Once again, I was at the position to review my eating. Things went out
of control, and the little effort I did the first days went in vain. I stood up
for myself. I had to make it stop. It just isn’t easy; because everything has
sugar. For breakfast, I got some “Bran flakes”; it said on the box that they’re
whole grain and high in fiber, I checked the nutritional values table on the
back, and I found it had around 5g of added sugar per 30g. It was impossible to
get anything that’s purely sugar free, even the ones that claim to be so, have
sugar substitutes, something I am not comfortable with at all. I know, people on a low carb diet are
supposed to eat eggs and ham for breakfast, but here is the thing, I tried it,
I pretended to like it for a couple days, it just wasn’t my thing, eggs and
omelets are great for lunch and for dinner, not for breakfast. So I am left
with no choice, a little sugar for breakfast is necessary.
Now let me go to the fruit
debate, some say you should cut it since it’s such a high source of fructose,
others say that fruits have such health benefits like vitamins and minerals and
it’s unacceptable to stop consuming it, as even for the sugar they have –the
fructose- , it is a natural element and it doesn’t have the same effect as
white processed sugar, though some fruits like bananas or pears have higher
amounts of fructose and are to be consumed in a limit. For me, fruits are
something I can’t go without; I am such a fruit-lover. So, decidedly, the fruit stays but with some caution measures, the breakfast
cereal as well, and just one small portion of bread. This would be perfect if I
followed it to the letter.
Recently, I started to get used to the new diet, I eliminated all
sources of added sugar, I am now better at fighting my cravings. My father got us a box of almond treats
covered with sugar, each piece surely has more than 10g of sugar, and do you
know what 10g of sugar means? A disaster! Frankly I love those treats, they’re
so good. So, I opened the box, looked at them, held a piece of the sweet stuff
and carried it straight to my mouth. At such a point, the point where you’re
about to break your diet and with it break every piece of resistance you’ve
developed against food, your thoughts are messed up; your consciousness is
telling you “You shouldn’t do this, don’t just go back to your old habits!”
while your desire for the long-banned sugar is convincing that one little treat
won’t hurt anybody. I took one bite, and then suddenly realized what I was
doing; I put it back into the box and closed it back.

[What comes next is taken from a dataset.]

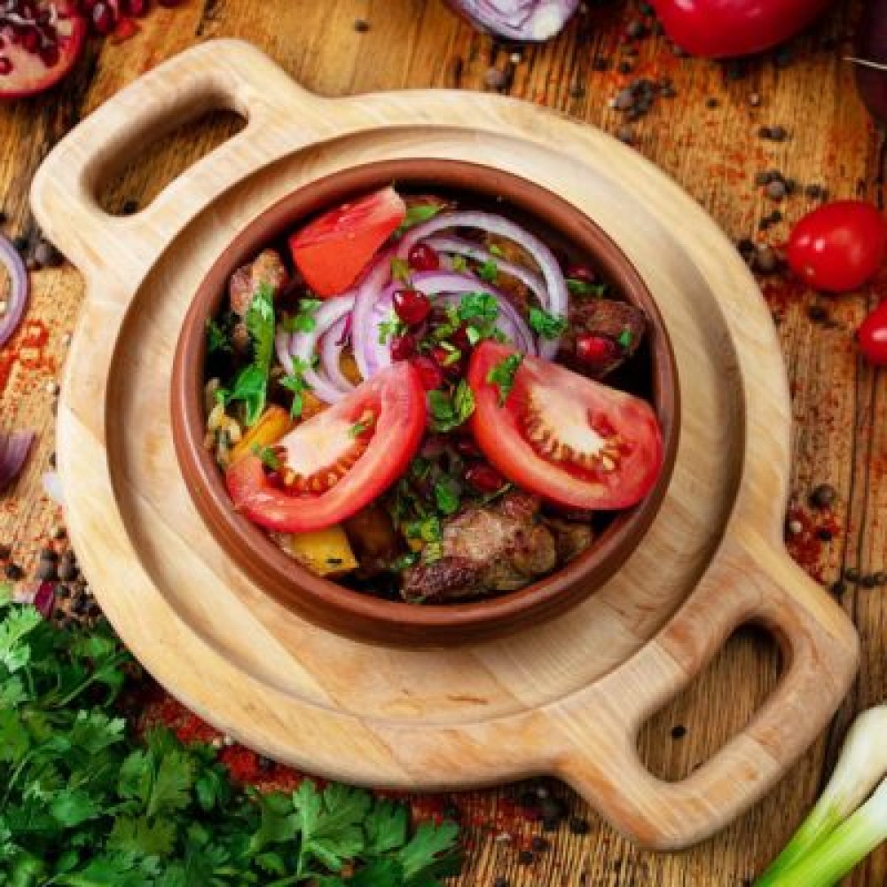 Жаренная свинина с запеченным картофелем, репчатым луком, томатами, чесноком, грузинскими специями и зеленью.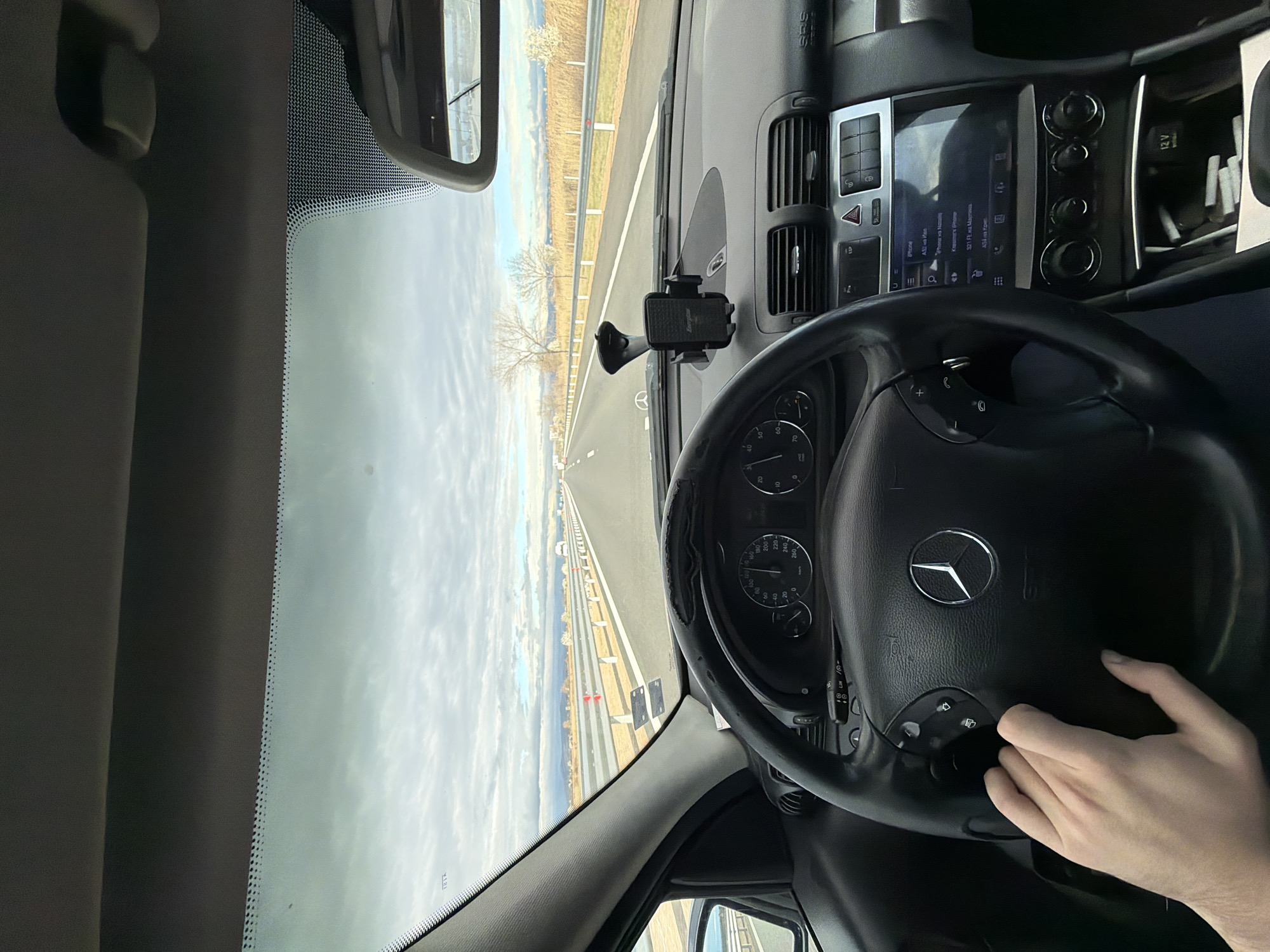The interior of a car is depicted from the driver's perspective, with a black steering wheel prominently featuring the Mercedes-Benz logo. The driver's hand is visible on the right side of the steering wheel. The dashboard includes a display screen and various controls. A smartphone holder is mounted on the dashboard. Outside the car, a highway stretches into the distance under a cloudy sky, flanked by fields. The location in Saraia, Bulgaria, is not discernible from the image.

Finally, it wasn’t about the
sweets my father bought anymore, it’s more about putting my choices to test, if
I am really insistent about this diet then I won’t allow any craving to step in
the way, instead ,little by little, anything I shouldn’t eat must no longer present
a craving.
It’s been about 3 weeks since I’ve been on the low-carb diet; I am already
starting to feel a lot better. My waist is thinner and my belly is flat. I decided it was time to face the scale; it is
very important to see your diet make some changes, it helps you feel strongly
about it and hold on more to your goals. I experience a little bit of anxiety
every time I am weighing myself, certainly because of the importance of the
number on the scale, it might be wrong to think this way, but it is what it is.
Thankfully, It turns out I have lost around 4.5 lbs. ; it was amazing,
it was all worth it! I must admit that there is more to it than the weight I
lost: while cutting down on refined carbs and added sugars, I replaced them
with low-calorie, rich in nutrients foods, like vegetables, fruits and nuts,
and all that was fueling my body with the right nutrition I needed. I even
learned how to cook those foods and I’ve come up with so many creative meals
that tasted so much better than the unhealthy ones.